Fuel Freedom International
- Industry: multi-level marketing
- Headquarters: Altamonte Springs, Florida
- Owners: Wendy Lewis, Randy Ray

= Fuel Freedom International =

American multi-level marketing company

Fuel Freedom International is a multi-level marketing company based in Altamonte Springs, Florida and co-owned by Wendy Lewis and Randy Ray. It sells pills trademarked as MPG-CAPS, which are claimed to improve fuel economy, reduce emissions and increase engine power when used as a gasoline additive.

The company says that the product was "originally developed by NASA for the 1970s space shuttle program", although no documentary evidence is offered to support this claim.

== EPA registration ==
The product is EPA registered per 40 CFR 79.23 - a requirement for all gasoline additives sold in the US. Registration involves providing a chemical description of the product and certain technical, marketing and health-effects information. The EPA did not test the claims of increased engine power and reduced emissions, and does not endorse, certify or approve the product.
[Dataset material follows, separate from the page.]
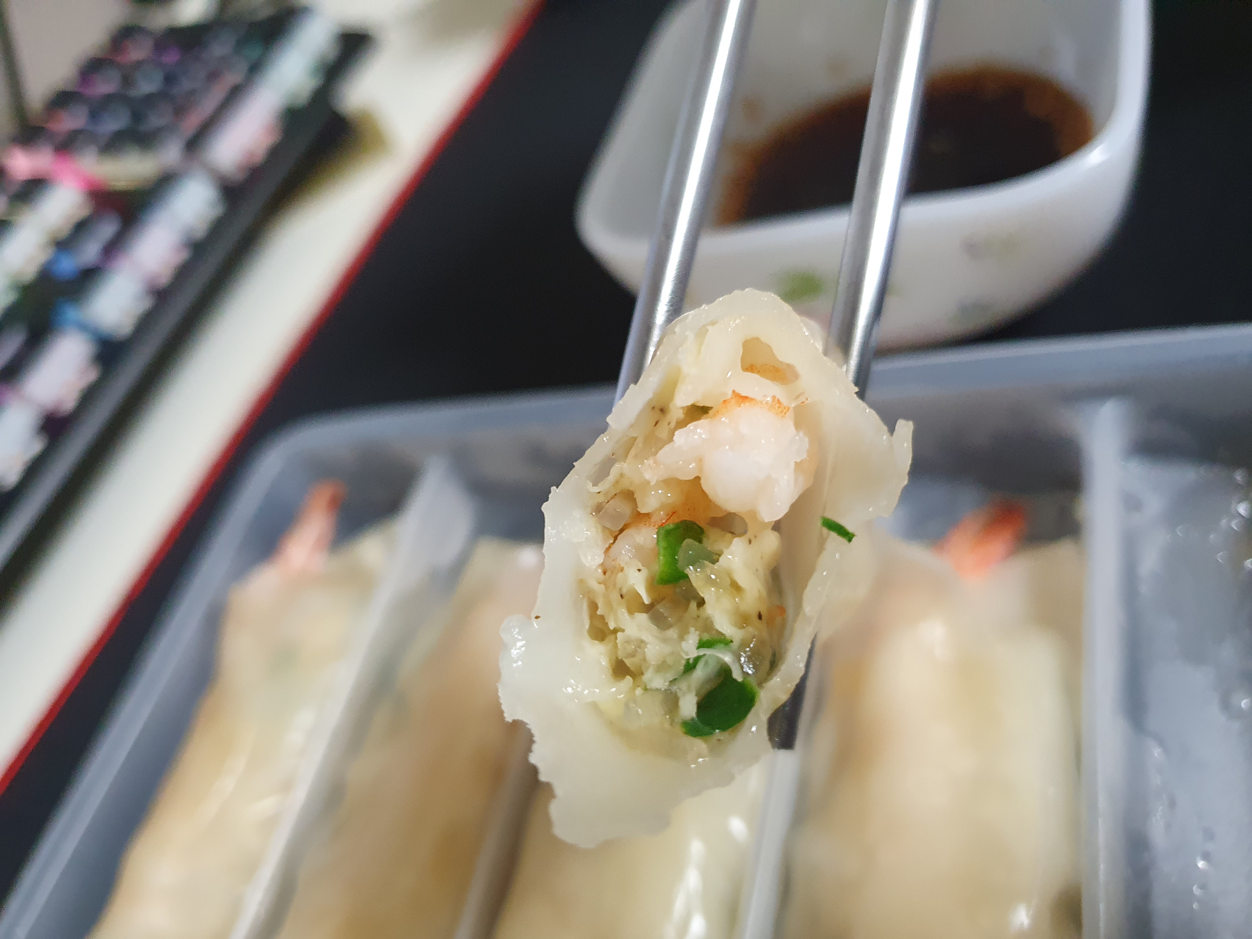 안에는 보다시피 새우가 하나씩 들어있다. 완전 두꺼운 통통한 새우는 아니지만 식감이 통통하니 좋았다.

The company report attached to the EPA report (EPA Internal identification number 218820001) "provides technical documentation for this product as a lead replacement in gasoline for use in engines susceptible to valve seat recession".

== Distribution ==
The company retails MPG-CAPS directly or through multi-level marketing via "independent distributors". To become a distributor there is an initial buy-in and an emphasis on the necessity of recruiting other people in order to receive commissions. This follows the structure of multi-level marketing, although there are recruiting bonuses after three retail sales a month as an incentive to grow the sales force, the majority of the cash-flow is said to be generated by commissions on sales.

== Independent testing ==

An example of a recognised independent testing program to "evaluate aftermarket retrofit devices which claim to improve automotive fuel economy and/or reduce exhaust emissions" is that run by the US Environmental Protection Agency (EPA) identified by test program authorities 42 USC 7525 and 49 USC 32918, and formerly known as the "511 Program".
The EPA requires a formal statement that the test laboratory "shall have no financial interests in the outcome of these tests other than the fee charged for each test performed". The Federal Test Procedure comprises a simulated city drive trace, and a simulated highway drive test. The tests are conducted in triplicate using two different vehicles. The vehicles should be from two different manufacturers and should be examples of the largest selling engine/transmission combinations on the US market. Tests are conducted in a "back-to-back" fashion. In the case of fuel additives that don't require an engine retune, then triplicate tests with and without the additive are required.
The tests on MPG-Caps do not apparently conform to this standard. Examples of such tests are:

- A study conducted by ABC News affiliate WPVI found no improvement at lower speeds and only a 4% improvement at highway speeds.
- Tests by a former distributor in the program used "70 tablets to test 7 vehicles in Missouri and California (three gas vehicles and four diesel trucks) according to the FFI instructions. All the test showed an initial improvement but then showed no improvement over a longer period of time and most of them showed less mpg than the vehicles were getting before any usage".